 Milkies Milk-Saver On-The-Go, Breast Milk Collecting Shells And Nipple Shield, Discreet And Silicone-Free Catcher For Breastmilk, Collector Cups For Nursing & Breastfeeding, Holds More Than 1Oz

____

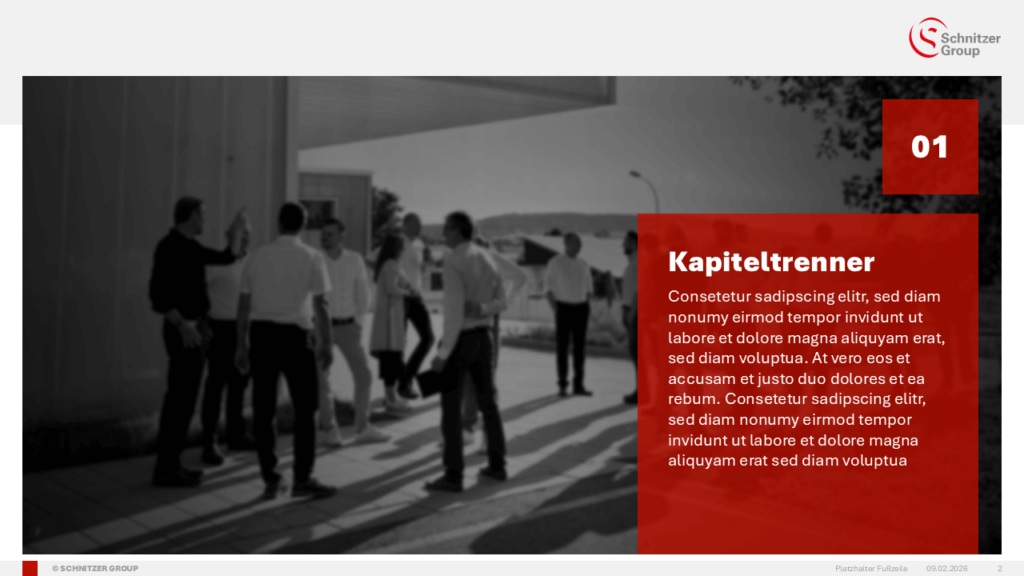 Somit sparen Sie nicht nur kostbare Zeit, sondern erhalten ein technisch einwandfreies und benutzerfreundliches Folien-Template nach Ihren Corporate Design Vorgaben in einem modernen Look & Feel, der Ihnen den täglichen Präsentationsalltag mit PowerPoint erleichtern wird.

____

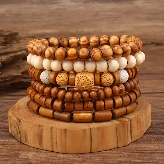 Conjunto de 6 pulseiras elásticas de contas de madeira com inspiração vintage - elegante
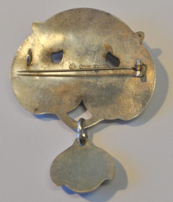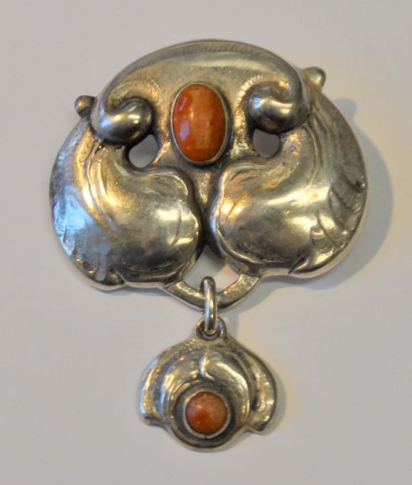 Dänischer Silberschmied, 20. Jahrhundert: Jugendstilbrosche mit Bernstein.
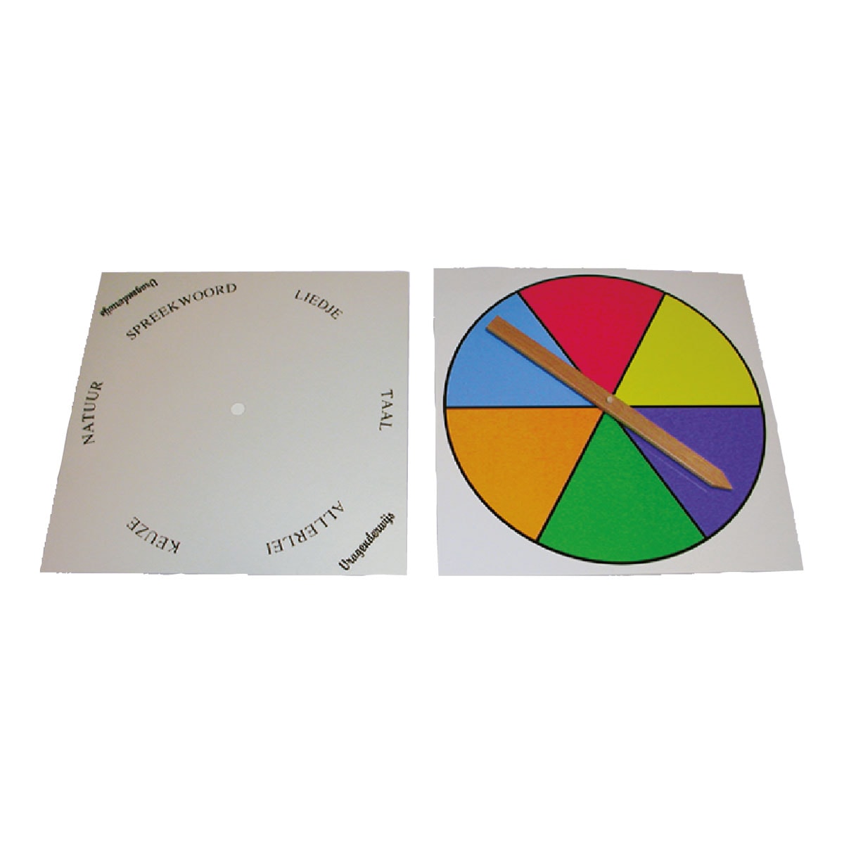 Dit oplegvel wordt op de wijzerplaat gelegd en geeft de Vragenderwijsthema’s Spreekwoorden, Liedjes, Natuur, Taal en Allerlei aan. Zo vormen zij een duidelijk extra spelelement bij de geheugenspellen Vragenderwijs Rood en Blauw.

____

● **Work to complete**
Using the entries above, write out exactly the lines from the one with "Dänischer Silberschmied, 20." through the one with "Dit oplegvel wordt", ends included. Leave out any pictures.

● **Your solution**
 Dänischer Silberschmied, 20. Jahrhundert: Jugendstilbrosche mit Bernstein.
 Dit oplegvel wordt op de wijzerplaat gelegd en geeft de Vragenderwijsthema’s Spreekwoorden, Liedjes, Natuur, Taal en Allerlei aan. Zo vormen zij een duidelijk extra spelelement bij de geheugenspellen Vragenderwijs Rood en Blauw.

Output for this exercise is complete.